→ What you are asked to do: The answer must consist solely of the lines from the one containing "1、首先打开京东app,在首页顶部切换到秒送专区" to the end of the entries below, repeated exactly.

→ Excerpted data:

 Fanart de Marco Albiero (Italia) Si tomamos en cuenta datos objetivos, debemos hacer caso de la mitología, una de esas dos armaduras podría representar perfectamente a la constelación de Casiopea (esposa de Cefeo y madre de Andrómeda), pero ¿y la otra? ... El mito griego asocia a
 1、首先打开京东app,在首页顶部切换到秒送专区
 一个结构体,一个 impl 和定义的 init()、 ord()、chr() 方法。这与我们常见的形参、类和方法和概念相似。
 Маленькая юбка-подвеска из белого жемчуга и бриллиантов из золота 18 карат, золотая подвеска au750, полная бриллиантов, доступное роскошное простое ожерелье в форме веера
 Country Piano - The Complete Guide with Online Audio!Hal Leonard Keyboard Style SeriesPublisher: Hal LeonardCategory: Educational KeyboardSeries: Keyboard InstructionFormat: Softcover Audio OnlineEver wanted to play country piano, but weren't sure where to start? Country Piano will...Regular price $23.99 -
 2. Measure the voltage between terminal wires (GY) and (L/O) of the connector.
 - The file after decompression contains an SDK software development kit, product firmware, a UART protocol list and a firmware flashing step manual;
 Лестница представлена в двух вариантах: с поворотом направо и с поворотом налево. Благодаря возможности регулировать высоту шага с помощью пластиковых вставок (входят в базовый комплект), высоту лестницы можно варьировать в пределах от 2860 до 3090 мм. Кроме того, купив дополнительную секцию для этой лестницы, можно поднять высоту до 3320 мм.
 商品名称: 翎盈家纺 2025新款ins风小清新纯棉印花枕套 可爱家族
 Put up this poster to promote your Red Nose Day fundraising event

→ Solution to this task:
 1、首先打开京东app,在首页顶部切换到秒送专区
 一个结构体,一个 impl 和定义的 init()、 ord()、chr() 方法。这与我们常见的形参、类和方法和概念相似。
 Маленькая юбка-подвеска из белого жемчуга и бриллиантов из золота 18 карат, золотая подвеска au750, полная бриллиантов, доступное роскошное простое ожерелье в форме веера
 Country Piano - The Complete Guide with Online Audio!Hal Leonard Keyboard Style SeriesPublisher: Hal LeonardCategory: Educational KeyboardSeries: Keyboard InstructionFormat: Softcover Audio OnlineEver wanted to play country piano, but weren't sure where to start? Country Piano will...Regular price $23.99 -
 2. Measure the voltage between terminal wires (GY) and (L/O) of the connector.
 - The file after decompression contains an SDK software development kit, product firmware, a UART protocol list and a firmware flashing step manual;
 Лестница представлена в двух вариантах: с поворотом направо и с поворотом налево. Благодаря возможности регулировать высоту шага с помощью пластиковых вставок (входят в базовый комплект), высоту лестницы можно варьировать в пределах от 2860 до 3090 мм. Кроме того, купив дополнительную секцию для этой лестницы, можно поднять высоту до 3320 мм.
 商品名称: 翎盈家纺 2025新款ins风小清新纯棉印花枕套 可爱家族
 Put up this poster to promote your Red Nose Day fundraising event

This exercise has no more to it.